Sunday, January 19, 2014

The lie-fire

Words bristled
in the starting gates and shook their necks.

I had said I wasn’t married and he’d
What are you waiting for? shot back
quick as the white flash of thought.
Marriage, is it not true, is a blessing
from God?

My eyes dragged themselves from his leathered feet
as he sat cross legged on the floor,
worked up his bare arm,
his neck,
around and past his ear
to tie themselves alongside his.

Dark and flecked with white, his eyes sang a belly full of faith,
but it was what came striding out of them
that beat me back and held me.
Here, at a lope, came the men
we’d passed on the road to Lusaka,
picked up for a moment in the headlights
then dropped back into the night.

Men with briefcases,
backpacks, faggots on their backs, men with pickaxes,
bare feet, flip flops, men with boots;
men with hours to walk before the next fixed light
could remind them home was closer than the moon.
Some flowed down behind us on the road
but some I saw turn off and walk out
past the miombo trees into the bush
to set their rough footsteps sweeping a dust rhythm
with the noises of the night.

I thought of all these men, and looked
at him, and looked down again at my contempt
lamed and whinnying upon the floor,
and lied.
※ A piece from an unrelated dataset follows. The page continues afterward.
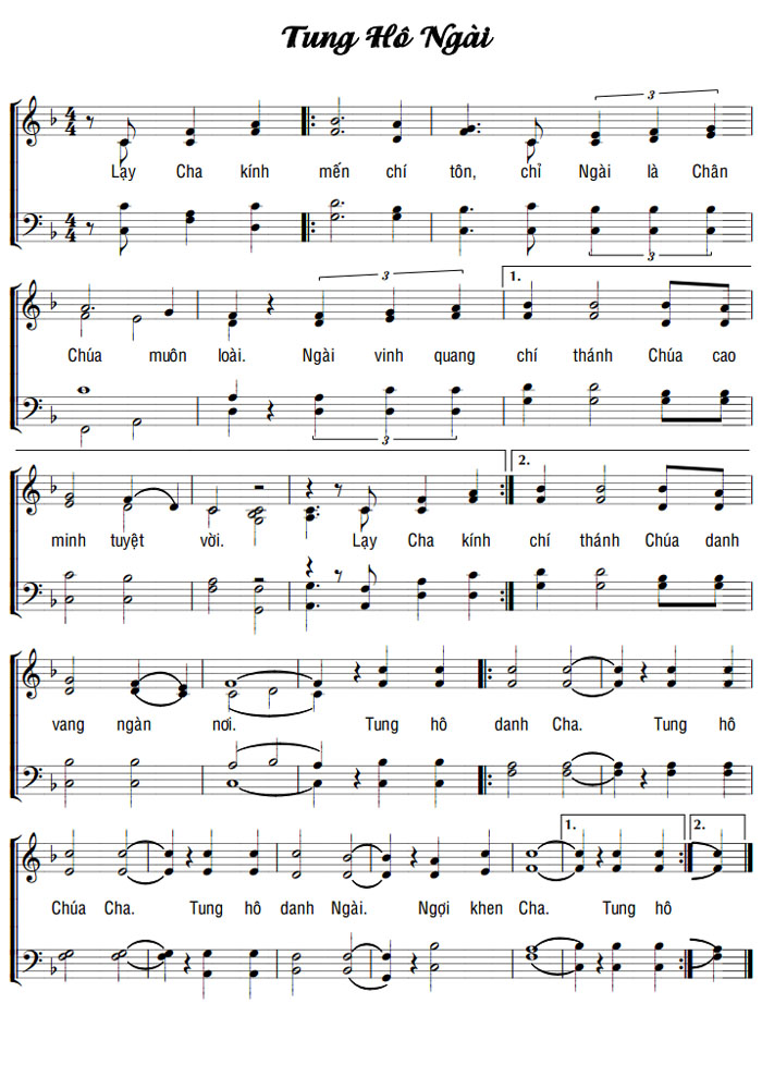 1. Lạy Cha kính mến chí tôn, chỉ Ngài là Chân Chúa muôn loài. Ngài vinh quang chí thánh Chúa cao Chúa Cha. Tung hô danh Ngài. Ngợi khen Cha. Tung hô 2. minh tuyệt vời. Lạy Cha kính chí thánh Chúa danh vang ngàn nơi. Tung hô danh Cha. Tung hô

And months later, sitting down
to write a poem about distances,
it took until this line to see the ancient fire I’d set
between us, to see him gone
into a darkness of my making
and the ground blackened and cut short
where once we’d stopped to piss,

our twin arcs alive and dancing in the sun.

Words and I

Adjectives are us, getting personal,
gaffs to hook the fin-dark, darting glint of things
and haul it on deck flipping, or dead.

Adjectives are where we take our eyes, our tingling skin,
our cores, fuck-hungry and mean, and turn them on nouns.
Make no mistake that adjectives are desperate things.

Take Homer, the maker of our word.
His Achaeans, from the first book to the last,
are euknemides, well-greaved, thirty one times in all.

Their greaves hold fast in their full bellowed strength,
fixed firm when the men are lounging round the camp,
and their greaves stay shining on when their mouths taste dirt

and Trojan chariots roll over and snap their shins.
Even as some whirling hero plucks their bodies clean,
these Greeks’ greaves are well.

Perhaps someone took comfort to hear it so.
Perhaps, when I stop writing to see in the window
this stone dead city, and think How oppressive it can be!

as the bright blue gushing sounds of countryside come running,
I too should pause, and rethink the relationship between
these adjectives and me, untie them, let them wander

off to a void of air, or fling them like confetti in the wind
to settle with what nouns they please.

Domestic

The sign read “semi-feral”, which he explained
was because one day in their unstable youth,
all swollen knees and juddering legs,
they were driven into what he called a crush
(a wooden ring the foals would circle wild
with fear until they found their mare),
where they were vaccinated, branded, and had their tails
docked, before being left to roam
amid the fading purple of an autumn heath.
All this – a puncture, a scar, a military cut -
meant the ponies running either side of us
as you pulled back on me in fear
were half way to being right. Half way
from being ferae (beasts and wild things) but as far
from the domus (the house, or home) where
life awakes its better breeding. In just such a home
you lie in bed beside me as I watch the news –
your head on my armpit as you half see
more celebrities and paedophiles penned in
another crush, heads lowly like a grazing foal,
watching their feet walk them out of another house,
their membership revoked. And I watch you
dozing, and hope beyond what all I know
that this thin legged little house of ours may last.
And then I too am taken into sleep, that unruly
skating skim of thought, where my hair grows long
and my skin uncleansed, and when I wake

I wake afraid that all my loving you won’t help.